Typisch Springerpresse. Schämen sollte sich die Sportbild. Sag ich als Werder-Fan. Viel Erfolg für Jatta!
finya-satchmo 03.09.2019
2. ...und was macht BILD?
Nun warte ich gespannt darauf, dass sich die Zeitung und der Verlag entschuldigen. Mindestens das!
hans-rai 03.09.2019
3. Dass sich die Vereine durch diesen Bericht...
...von Sport-Bild überhaupt haben instrumentalisieren lassen, ist ein "Trauerspiel". Ihr Einlenken jetzt aber eine gute Sache, damit bei Jatta und dem HSV wieder Ruhe einkehrt. Die Redaktion von Sportbild aber würde ich auf Schmerzensgeld verklagen.
Lisa_can_do 03.09.2019
4. Sollte am Ende die Vernunft und Menschlichkeit siegen?

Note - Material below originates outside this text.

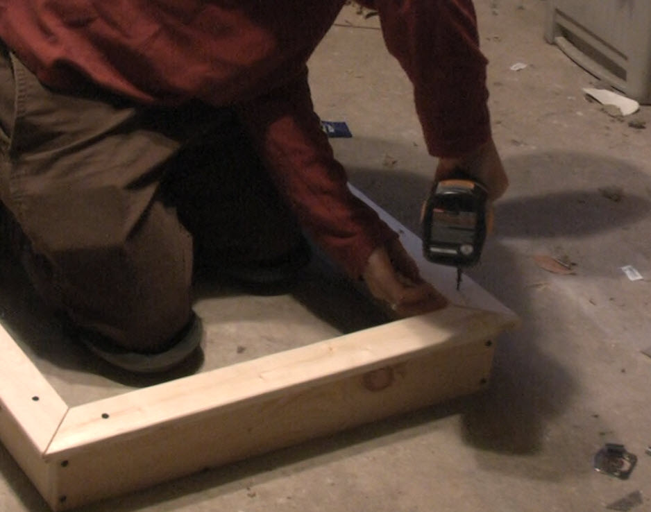 ATTACH THE EXTERIOR FRAME TO THE BOX-FRAME: The biggest thing to remember here is that the exterior frame is not very stable until it is screwed into the box-frame. So, knowing this I carefully lifted the exterior frame in one motion, flipped it over and placed it on top of the box frame. Starting at one of the 2-foot ends, I visually lined up the frame so that it was evenly placed on the box-frame. This is not too important because you can manipulate how it sits as you start to screw it down. I then took a screw (the same screws as the other step) and in one corner, carefully screwed through the top of the exterior frame into the edge of the box-frame.

Und nicht diese unprofessionellen Vereine wie Nürnberg, Bochum und Co. Krasser geht es ja wohl nicht, erst verlieren, dann Einspruch. Schämen sollten sich alle diejenigen, die so dumm sind anzunehmen, dass es für eine Gesellschaft tatsächlich eine Geburtsurkunde, ein Standesamt und ein Einwohnermeldeamt braucht - braucht es nicht, auch wenn ich das als Deutsche schätze. Aber gute Fußballer und tolle und ehrliche Menschen gibt es dennoch dort. Auch ohne diese Behörden. Überraschung.
elisenstein 03.09.2019
5. was sollen sie auch sonst tun
um sich nicht vollständig lächerlich zu machen. Schade eigentlich, dass Nürnberg den sog. Kronzeugen nicht mehr aussagen lassen muss. Er hätte wahrscheinlich entweder lügen oder sich und seinen Verein belasten müssen. Wer weiß, was es mit diesem Phantom Jaffeh auf sich hat. Die Bild wird uns sicherlich darüber aufklären. Immer schön Öl ins Feuer gießen? Hauptsache die Auflage stimmt? Nicht jeder Betroffene hat das Glück wie Jatta, daß es in solchen Situationen Menschen gibt, die ihm den Rücken stärken und zu ihm halten . Ich befürchte das es noch genügend Menschen gibt, die weiterhin zweifeln. Irgendwas muss da doch dran sein....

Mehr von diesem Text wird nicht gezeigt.